In 1989, the Turkish botanists T. Ekim and A. Güner examined the distribution of species by detailed study of the Flora of Turkey, eight volumes of which had been published by then. They came to the conclusion that the diagonal did indeed exist and they found that 33% of the plant species considered were affected by the diagonal in one way or another. They then considered the reasons behind the phenomenon. There was a difference in altitude between the two sides of the diagonal, with the land to the west being lower. Another difference was the climatological regions: the western, interior parts of the diagonal (e.g. Konya, Kırıkkale) were more arid than the eastern parts (e.g. Yozgat, Gümüşhane). In the middle portion of the diagonal there was a gypsum feature, but what effect that had on plant distribution was unclear. They concluded that the ecological differences between the two sides of the diagonal were of greater significance than the palaeo-geological history of the area.

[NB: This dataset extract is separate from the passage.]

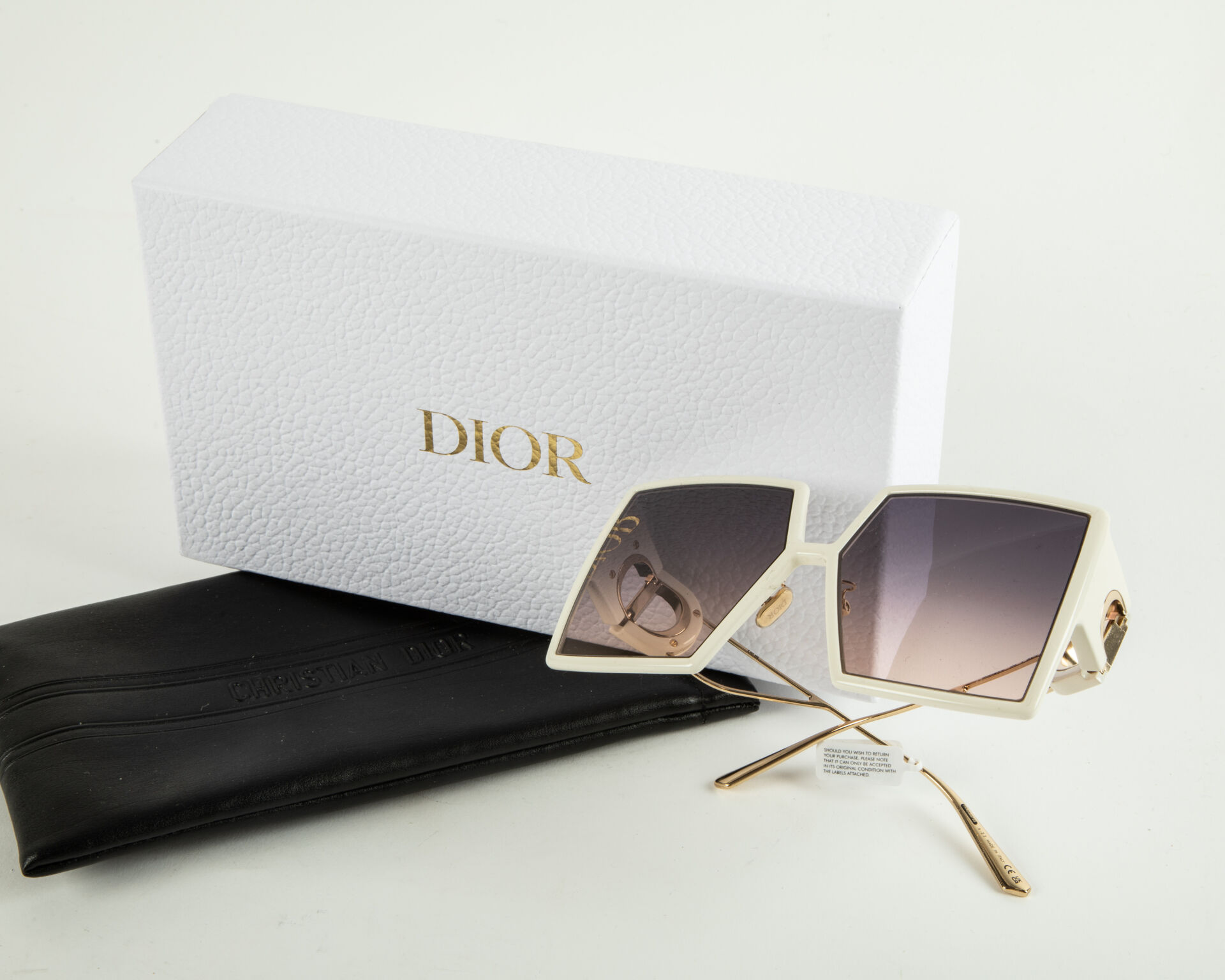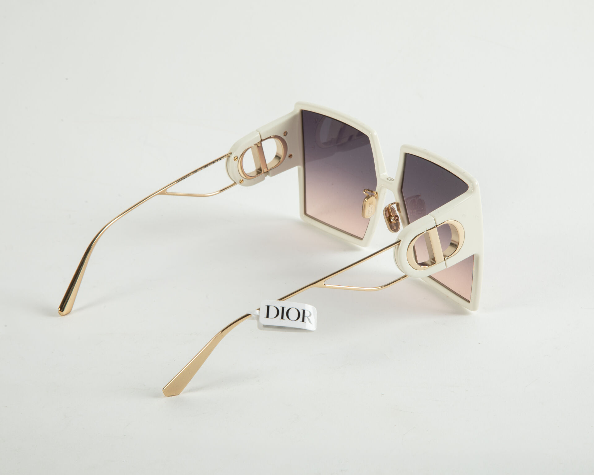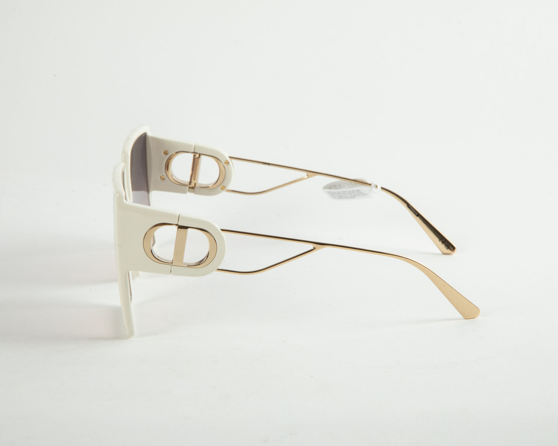 172 ESTIMATION: 60 / 80 € CHRISTIAN DIOR Modèle Montaigne – Paire de lunettes de soleil en acétate blanc et métal doré, verres fumés Avec étui et boite

The Irano-Anatolian region is a significant biodiversity hotspot in the Near East and Anatolia is the transition point between the European and Turko-Iranian floras. Turkey was beyond the southern limit of ice in the last ice age, and Anatolia may be considered to be a potential glacial refugium for species of plants and animals in Europe. In the late Pleistocene, sea levels in this region were lower than they are today by as much as 130 m and land bridges intermittently formed across the Bosphorus and the Sea of Marmara. After the end of the most recent ice age, plants surviving to the west of the Anatolian diagonal could spread back into Europe while those to the east could spread into Syria, Iraq and the Near East.

The Taurus Mountains provide a cool damp climate for species that cannot survive the hot dry summer climate on either side, and this could have encouraged survival and speciation, resulting in the many endemic species found here today.